A variety of techniques exist for fusing lumbar spine vertebrae to help alleviate back pain, including posterior, transforaminal, anterior, and lateral lumbar interbody fusion (PLIF, TLIF, ALIF, and LLIF, respectively). The animations below allow an inside view of each of these surgeries.
A posterior lumbar interbody fusion (PLIF) is performed to remove a disc that is the source of back or leg pain and fuse spinal vertebrae with bone grafts. It is called a posterior procedure because the spine is approached through an incision on the back. Instrumentation is used to provide space for placing the grafts and to help stabilize the spine.
In patients with spinal instability, instrumentation is used to provide space for placing the grafts and to help stabilize the spine. Using a technique known as minimally invasive surgery, posterior lumbar interbody fusion can, in some patients, be done with a much smaller incision than traditional open spinal surgeries and avoids damaging the low back muscles.

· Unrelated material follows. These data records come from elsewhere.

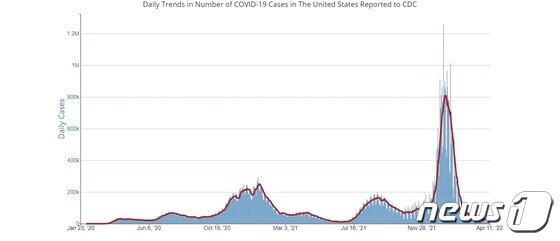 미국에서는 오미크론 파동에 따라 지난 1월 중순 일주일 평균 하루 확진자 수가 80만명을 돌파하다 최근 이 수치는 3만명대를 오르내리고 있다.
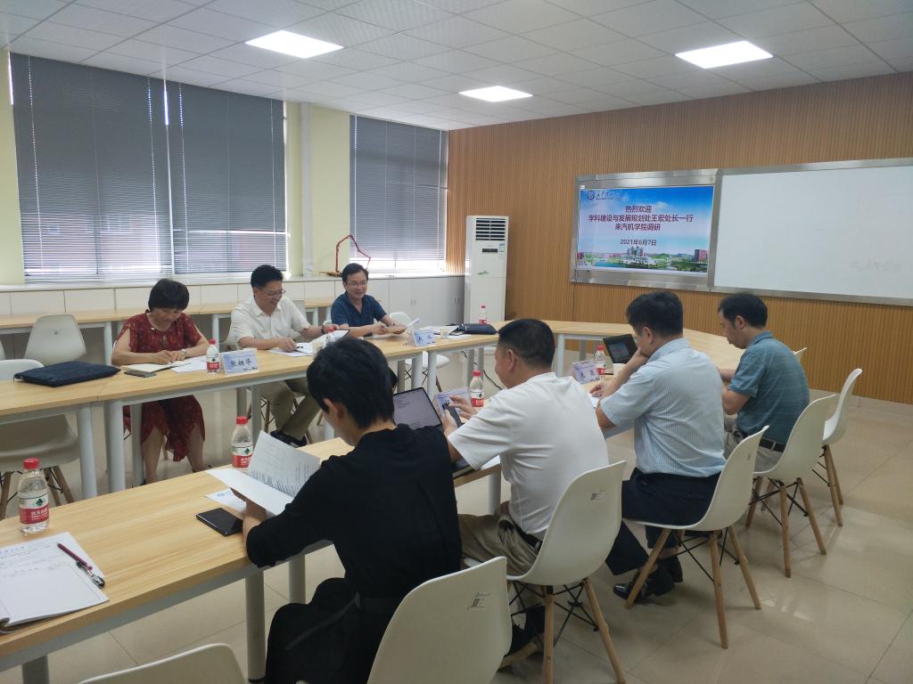 施一满对学科建设与发展规划处处长王宏一行的到来表示欢迎。毛聪作《机械工程学科建设现状、目标及举措》专题工作汇报。报告从学院学科建设的现状及问题、“十四五”建设重点任务与举措两个方面进行阐述;杜荣华就学院学科建设未来的重点工作及学科建设发展方向做补充说明;施一满分析了学院实际困难,希望得到学校支持与帮助。会上,与会人员就学科建设相关工作及问题进行研究与探讨。
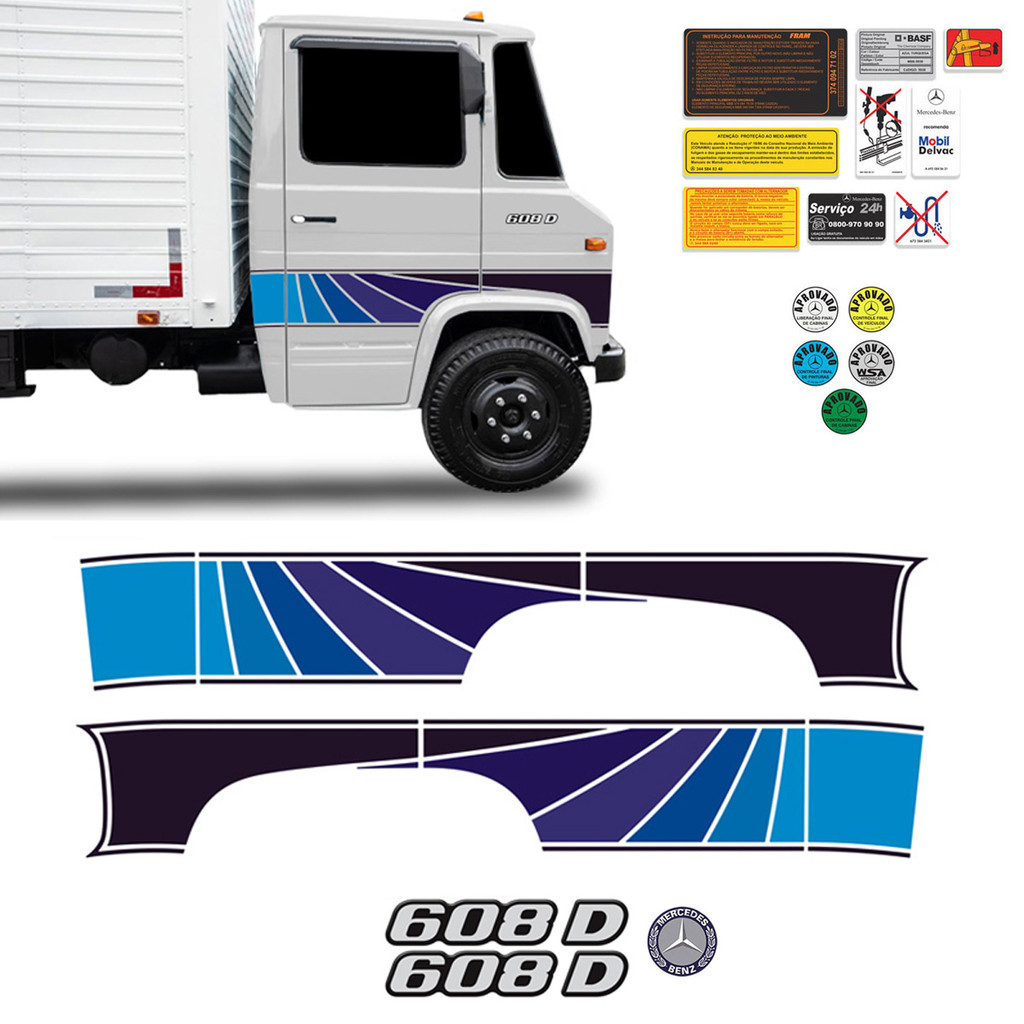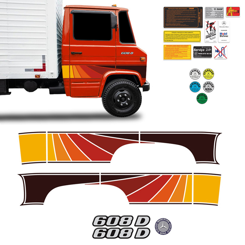 Kit Faixa Lateral Mercedes Benz 608 D + Emblemas Resinados

As in the posterior lumbar interbody fusion (PLIF) procedure, a bone graft is used to fuse the spinal vertebrae after the disc is removed. However, the TLIF procedure places a single bone graft between the vertebrae from the side, rather than two bone grafts from the rear, as in the PLIF procedure. Inserting the graft from the side where the facet joint has been removed is an effort to avoid moving or damaging nerve roots during the procedure.
In patients with spinal instability, instrumentation is used to help stabilize the spine during the bone graft fusion. Using minimally invasive surgery, transforaminal lumbar interbody fusion can be done in certain patients with a much smaller incision than traditional open spinal surgeries, decreasing damage to the low back muscles.
This surgery is performed to remove a large portion of a degenerated disc that is frequently the source of back or leg pain. This procedure makes space between the vertebral bodies, relieving pressure and creating more room for spinal nerves to exit. It is called an anterior procedure because the spine is approached from the front. Unlike posterior approaches (from the back), the anterior approach avoids damage to the low back muscles. The removed disc portion is replaced with implanted bone grafting materials, and adjacent vertebral bodies fuse to provide support.
This procedure, also known as lateral access spine surgery, is a minimally invasive surgery that accesses the spine from incisions on the side of the body. This procedure avoids separating the low back muscles, cutting bone, or moving aside blood vessels as required for other minimally invasive spine fusion procedures (PLIF, TLIF, ALIF). Lateral access spine surgery can treat a variety of conditions including herniations, asymmetric disc degeneration (degenerative scoliosis), nerve impingement, certain tumors, and as discussed in this animation, instability and pain resulting from disc degeneration.